Dig deep into bypassed claim edits
Increasingly, hospitals use claim scrubbers to prompt billing staff for edits prior to claims submission based on payer rules, identification of missing information, eligibility checks, and more. But a close look at the data behind an organization’s clean claim rate may indicate that some billers are bypassing the claim edits. In these instances, claims are submitted before corrections are made. The result is a lower-than-expected clean claim rate.

One way to tackle this challenge is to develop scorecards for individual employees that detail their performance against key metrics, including their rate of bypassed edits. Then, reiterate expectations for revenue cycle processes. Doing so will decrease the rate of bypassed edits and strengthen financial performance. Be sure to check in with staff monthly to review performance, keep expectations top of mind, and celebrate successes.

Implement tools to stay ahead of payer rule changes
Billing rules for health plans are complex and inconsistent from one payer to the next—and they change rapidly. In the next five years, we’ll see the use of machine learning to identify changes in payer rules before they are widely known. In the meantime, with more than 100,000 payer rules to keep track of, hospitals must update these rules weekly to protect their clean claim rate. Look for automated solutions that actively monitor changes in payer rules and prompt billing staff to incorporate these rules in claims prior to submission, minimizing rejections and denials.

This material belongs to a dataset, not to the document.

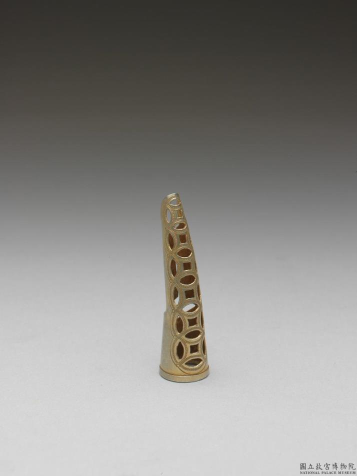 弓形,铜质鎏金,自基底至指尖渐细,面部共饰六个镂空相扣古钱纹,钱纹上并錾刻有鱼子纹,纹饰往指尖渐小,套面铜片延伸至背部包合,使套围大小可调整。此器与故杂3912为一对。

Shore up registration and eligibility processes
Registration and eligibility errors account for nearly 25 percent of denials—and most of these denials are preventable. Consider equipping front-end staff with “intelligent guidance” to capture the data needed to support clean claims, such as tools that can verify patient demographic data in real time. These tools alert staff to errors in patient information at the point of registration and check-in, while patients are still available to prompt for corrections.

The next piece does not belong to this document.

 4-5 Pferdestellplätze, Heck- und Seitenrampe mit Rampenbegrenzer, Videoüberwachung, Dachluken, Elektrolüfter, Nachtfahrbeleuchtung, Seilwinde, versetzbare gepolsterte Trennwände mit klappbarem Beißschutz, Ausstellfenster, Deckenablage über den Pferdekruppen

Automating eligibility checks during registration also improves clean claim rates. One tip is to run a second eligibility check right before claims submission. Sometimes, a patient’s coverage may change between the point of registration and care delivery. If these instances aren’t caught before claims submission, the claim will automatically be rejected. Running a second eligibility check on the back end increases the chances of a clean claim while keeping days in A/R low.

Manage problem payers
There are significant differences among national health plans when it comes to key performance indicators (KPIs) such as initial denials rates, days in A/R, requests for medical necessity documentation, and more, researchers for Crowe LLP found. Implementation of a claims analytics solution enables revenue cycle leaders to compare payer performance by KPIs and more effectively manage payer contracts. It’s an approach that enables team members to spot changes in payer behavior, such as increased requests for documentation by DRG, and respond proactively (for example, by including the documentation in the initial claim submission). Using advanced analytics to manage payer relationships not only enhances clean claim rates, but also supports reimbursement recovery.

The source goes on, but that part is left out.